[Opening Records provided section]

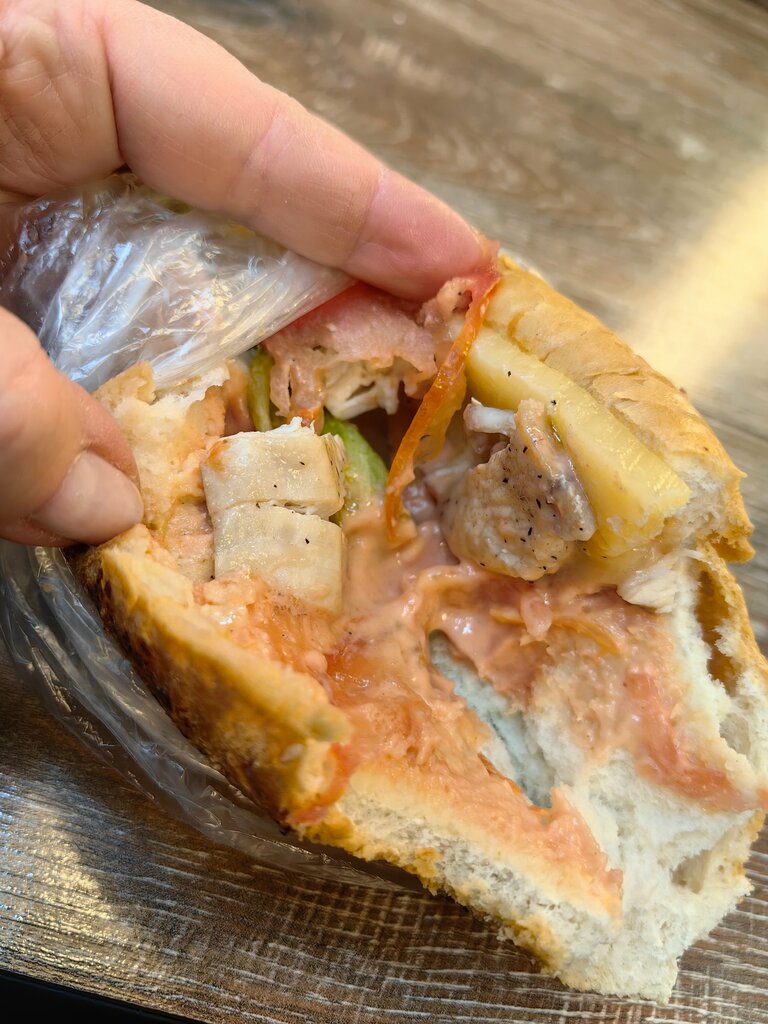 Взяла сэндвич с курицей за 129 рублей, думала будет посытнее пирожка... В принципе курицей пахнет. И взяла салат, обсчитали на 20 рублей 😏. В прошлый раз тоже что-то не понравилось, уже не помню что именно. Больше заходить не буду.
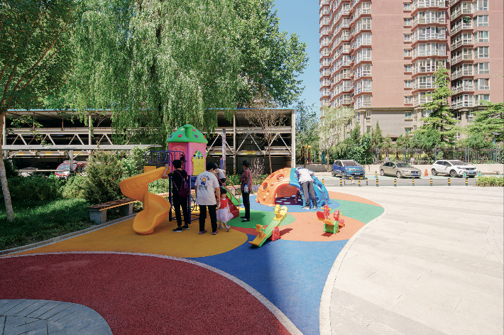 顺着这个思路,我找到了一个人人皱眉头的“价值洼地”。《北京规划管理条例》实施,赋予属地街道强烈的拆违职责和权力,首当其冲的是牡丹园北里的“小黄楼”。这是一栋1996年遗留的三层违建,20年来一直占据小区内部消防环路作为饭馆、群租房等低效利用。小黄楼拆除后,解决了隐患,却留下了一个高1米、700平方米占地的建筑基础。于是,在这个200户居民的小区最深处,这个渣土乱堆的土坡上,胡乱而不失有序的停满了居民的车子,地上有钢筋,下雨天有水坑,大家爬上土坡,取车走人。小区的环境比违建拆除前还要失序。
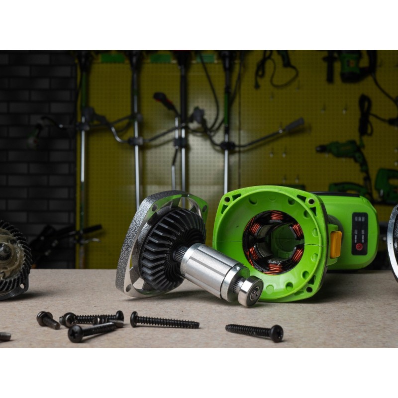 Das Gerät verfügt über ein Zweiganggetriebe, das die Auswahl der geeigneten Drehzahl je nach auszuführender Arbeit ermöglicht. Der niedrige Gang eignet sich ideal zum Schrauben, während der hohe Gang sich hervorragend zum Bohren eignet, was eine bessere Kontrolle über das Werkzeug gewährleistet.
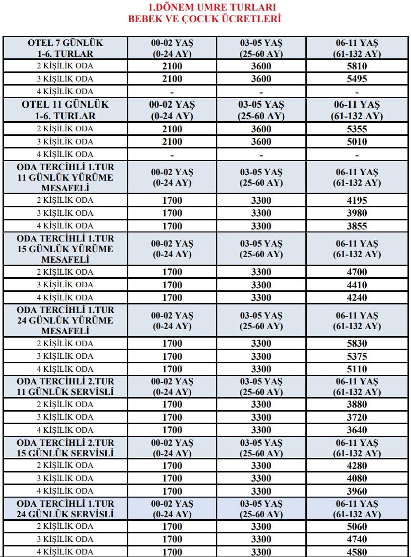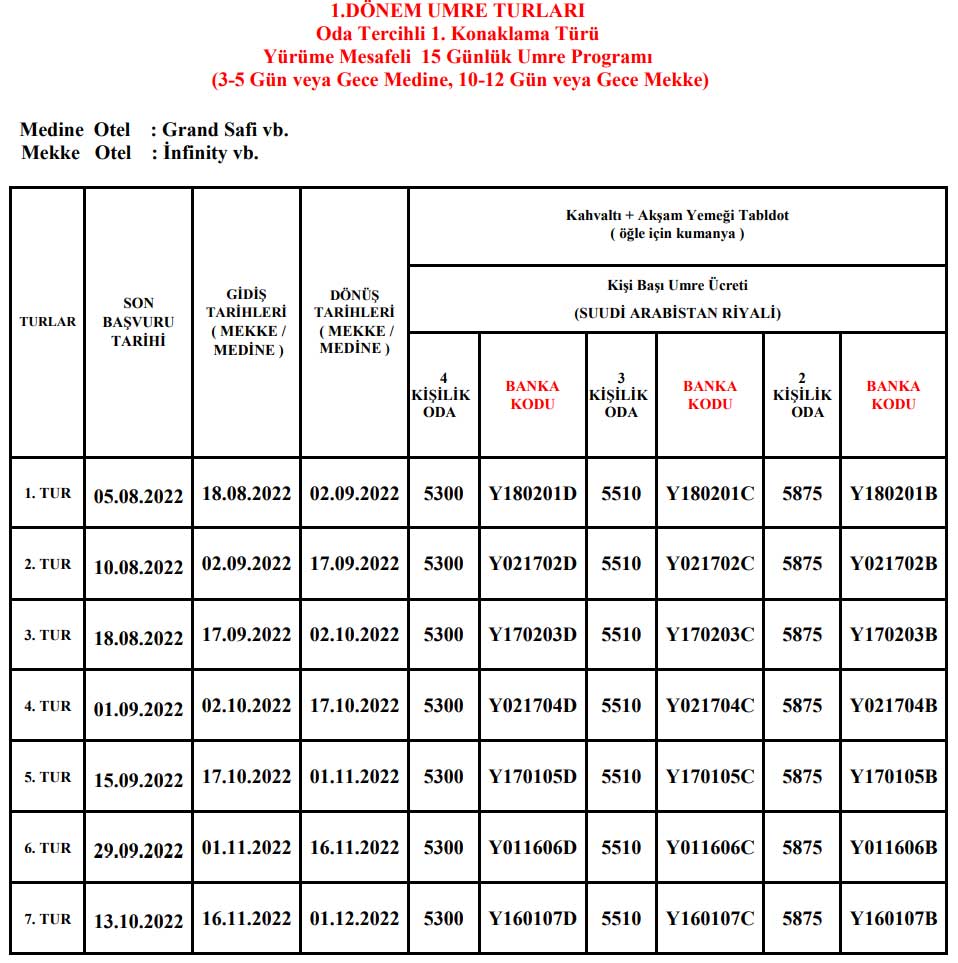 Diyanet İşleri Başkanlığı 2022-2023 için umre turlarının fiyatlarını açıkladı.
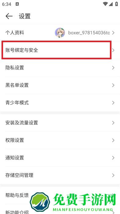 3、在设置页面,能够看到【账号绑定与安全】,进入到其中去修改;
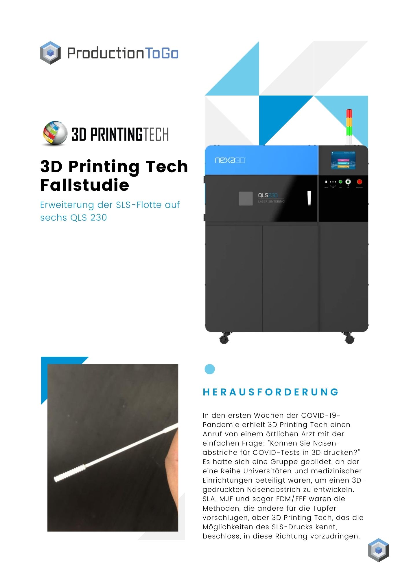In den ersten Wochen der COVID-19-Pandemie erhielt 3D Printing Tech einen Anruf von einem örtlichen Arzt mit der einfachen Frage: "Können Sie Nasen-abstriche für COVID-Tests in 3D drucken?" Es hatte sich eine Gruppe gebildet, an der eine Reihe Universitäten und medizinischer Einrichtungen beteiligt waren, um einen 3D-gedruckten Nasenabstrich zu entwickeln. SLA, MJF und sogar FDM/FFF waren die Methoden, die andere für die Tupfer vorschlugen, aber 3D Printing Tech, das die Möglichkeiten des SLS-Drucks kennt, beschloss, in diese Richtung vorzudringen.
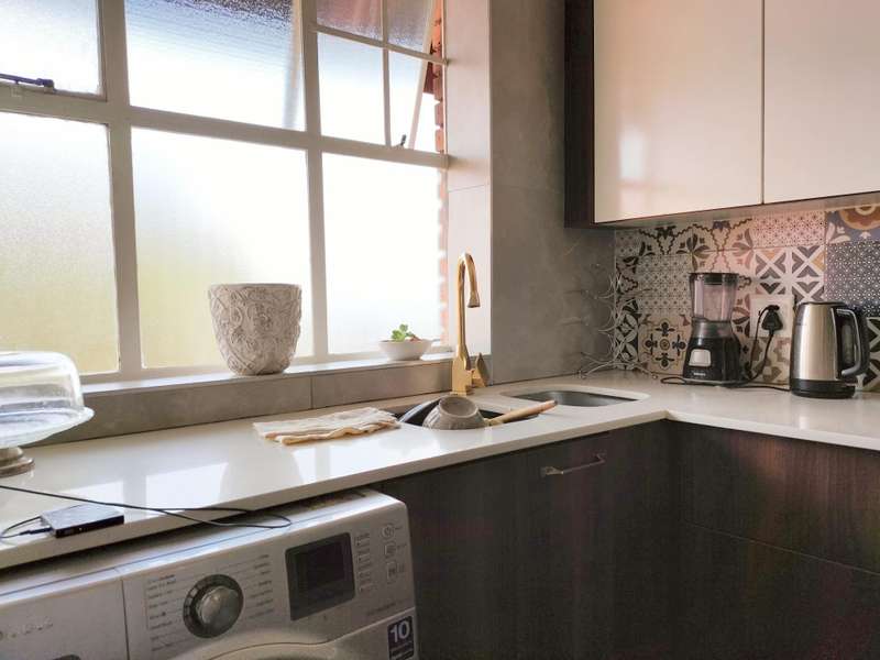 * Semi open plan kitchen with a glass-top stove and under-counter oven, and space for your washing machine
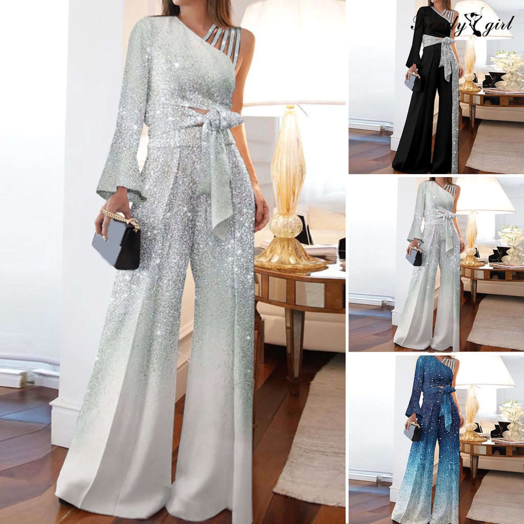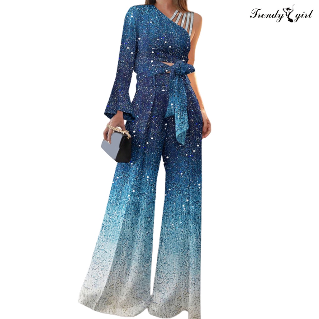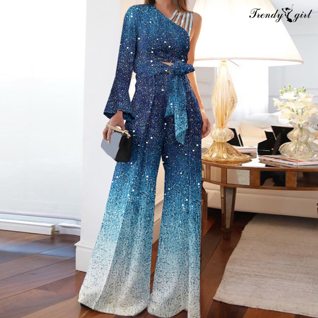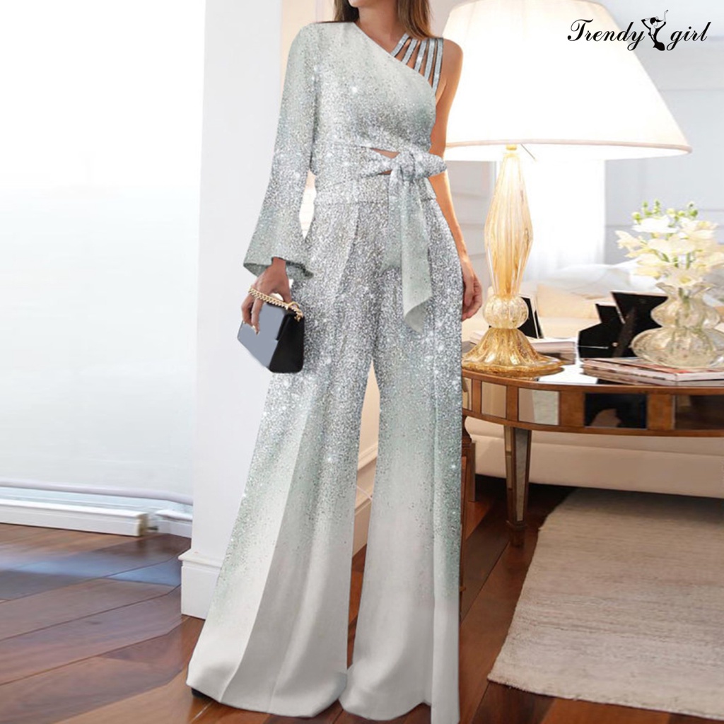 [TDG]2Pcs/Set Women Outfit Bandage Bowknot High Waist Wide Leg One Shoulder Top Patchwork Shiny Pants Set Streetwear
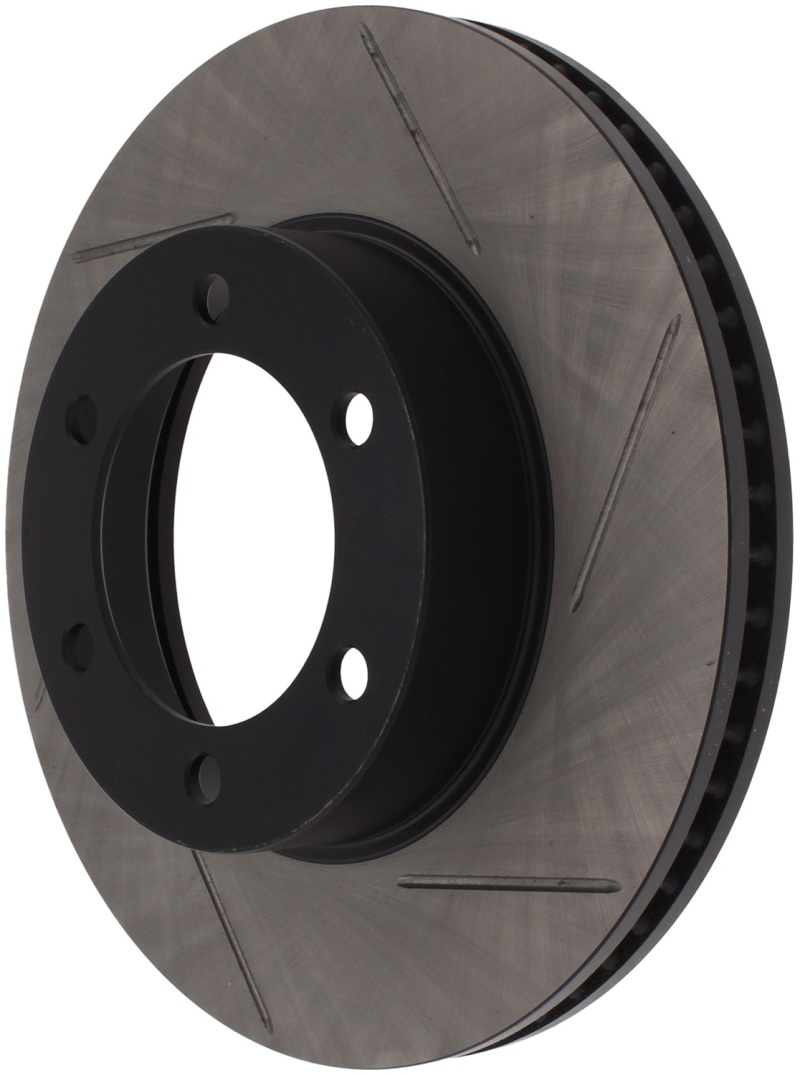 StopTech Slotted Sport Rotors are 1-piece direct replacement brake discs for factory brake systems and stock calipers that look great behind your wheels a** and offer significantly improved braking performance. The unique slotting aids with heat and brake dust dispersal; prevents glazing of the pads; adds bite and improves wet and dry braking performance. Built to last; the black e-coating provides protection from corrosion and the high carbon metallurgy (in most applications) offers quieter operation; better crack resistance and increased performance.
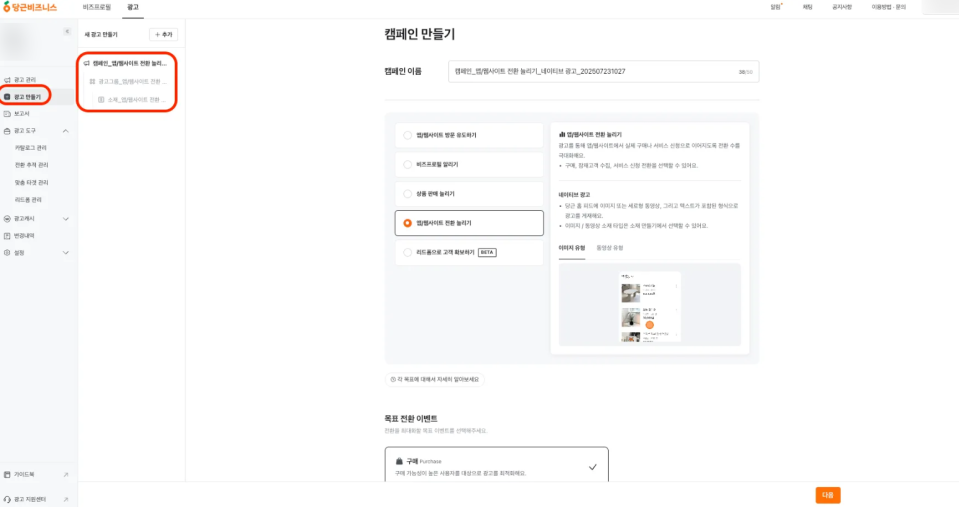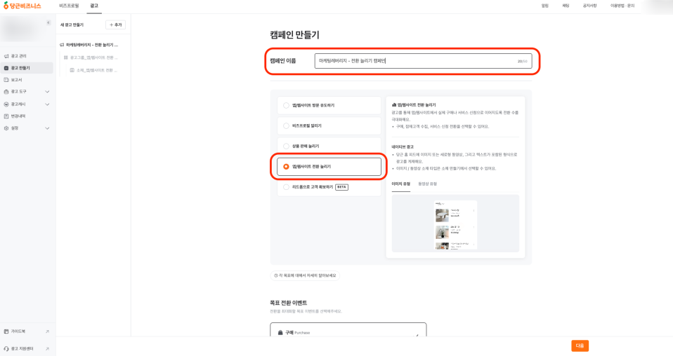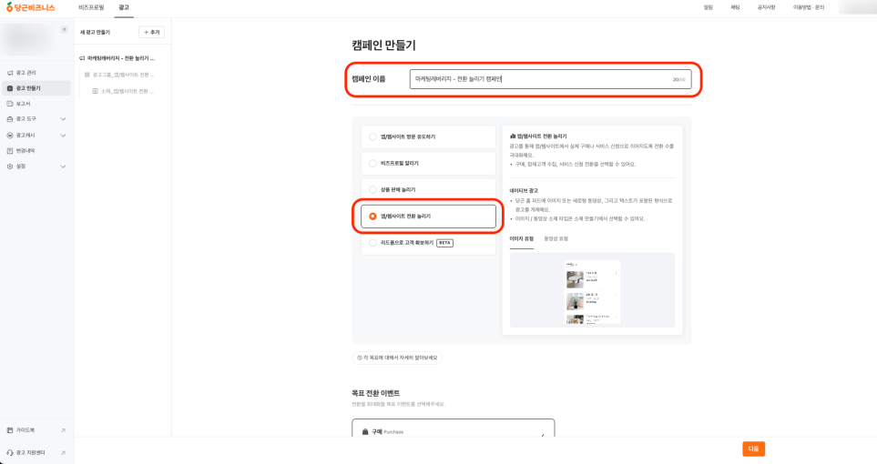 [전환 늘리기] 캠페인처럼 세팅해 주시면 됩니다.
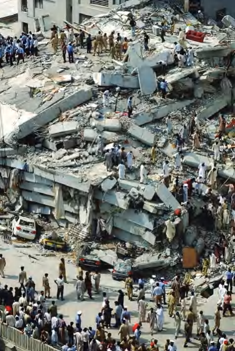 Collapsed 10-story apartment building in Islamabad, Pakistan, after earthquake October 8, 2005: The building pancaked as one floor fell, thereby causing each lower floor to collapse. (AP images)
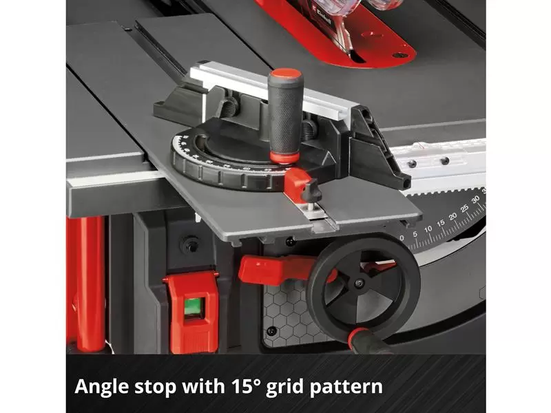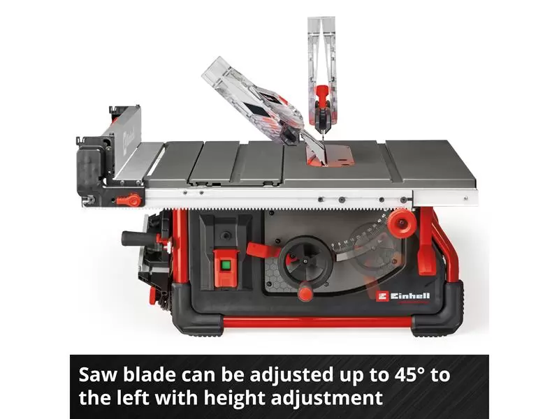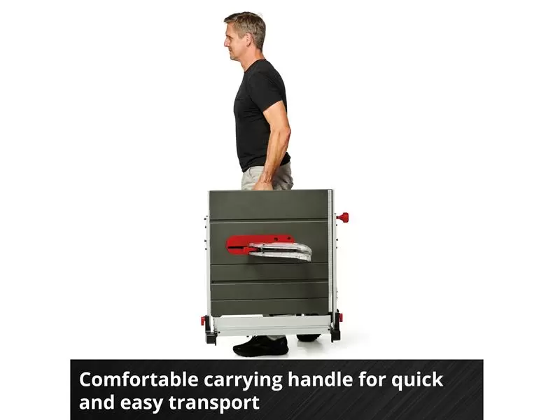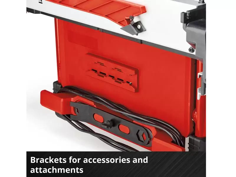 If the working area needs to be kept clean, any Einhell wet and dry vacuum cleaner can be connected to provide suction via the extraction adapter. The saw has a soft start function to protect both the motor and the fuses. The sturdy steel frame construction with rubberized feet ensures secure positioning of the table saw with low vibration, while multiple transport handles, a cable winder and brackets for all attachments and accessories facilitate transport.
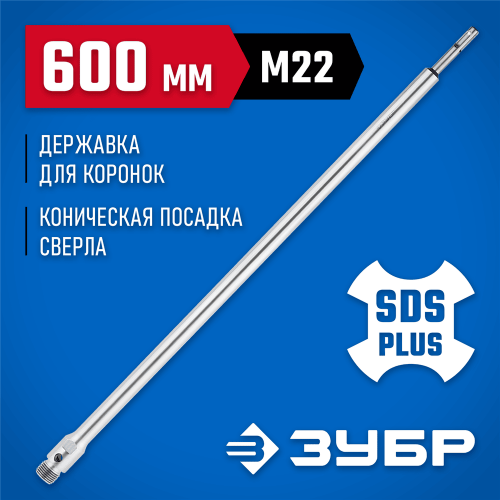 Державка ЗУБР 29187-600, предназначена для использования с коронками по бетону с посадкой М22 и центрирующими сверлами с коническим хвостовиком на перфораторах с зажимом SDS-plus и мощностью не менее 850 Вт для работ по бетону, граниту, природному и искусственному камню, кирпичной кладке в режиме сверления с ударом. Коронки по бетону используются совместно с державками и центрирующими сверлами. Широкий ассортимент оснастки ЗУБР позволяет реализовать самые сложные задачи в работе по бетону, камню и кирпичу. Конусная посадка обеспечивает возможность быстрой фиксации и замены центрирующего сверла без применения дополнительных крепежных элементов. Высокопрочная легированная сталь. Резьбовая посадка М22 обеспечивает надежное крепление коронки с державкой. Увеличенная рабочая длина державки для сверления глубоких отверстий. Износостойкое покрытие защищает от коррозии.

[Closing Records provided section]

■ What is needed:
Copy exactly the lines from the one containing "[TDG]2Pcs/Set Women Outfit" through the final line of the records above, both included, and leave out any pictures.

■ Problem solution:
 [TDG]2Pcs/Set Women Outfit Bandage Bowknot High Waist Wide Leg One Shoulder Top Patchwork Shiny Pants Set Streetwear
 StopTech Slotted Sport Rotors are 1-piece direct replacement brake discs for factory brake systems and stock calipers that look great behind your wheels a** and offer significantly improved braking performance. The unique slotting aids with heat and brake dust dispersal; prevents glazing of the pads; adds bite and improves wet and dry braking performance. Built to last; the black e-coating provides protection from corrosion and the high carbon metallurgy (in most applications) offers quieter operation; better crack resistance and increased performance.
 [전환 늘리기] 캠페인처럼 세팅해 주시면 됩니다.
 Collapsed 10-story apartment building in Islamabad, Pakistan, after earthquake October 8, 2005: The building pancaked as one floor fell, thereby causing each lower floor to collapse. (AP images)
 If the working area needs to be kept clean, any Einhell wet and dry vacuum cleaner can be connected to provide suction via the extraction adapter. The saw has a soft start function to protect both the motor and the fuses. The sturdy steel frame construction with rubberized feet ensures secure positioning of the table saw with low vibration, while multiple transport handles, a cable winder and brackets for all attachments and accessories facilitate transport.
 Державка ЗУБР 29187-600, предназначена для использования с коронками по бетону с посадкой М22 и центрирующими сверлами с коническим хвостовиком на перфораторах с зажимом SDS-plus и мощностью не менее 850 Вт для работ по бетону, граниту, природному и искусственному камню, кирпичной кладке в режиме сверления с ударом. Коронки по бетону используются совместно с державками и центрирующими сверлами. Широкий ассортимент оснастки ЗУБР позволяет реализовать самые сложные задачи в работе по бетону, камню и кирпичу. Конусная посадка обеспечивает возможность быстрой фиксации и замены центрирующего сверла без применения дополнительных крепежных элементов. Высокопрочная легированная сталь. Резьбовая посадка М22 обеспечивает надежное крепление коронки с державкой. Увеличенная рабочая длина державки для сверления глубоких отверстий. Износостойкое покрытие защищает от коррозии.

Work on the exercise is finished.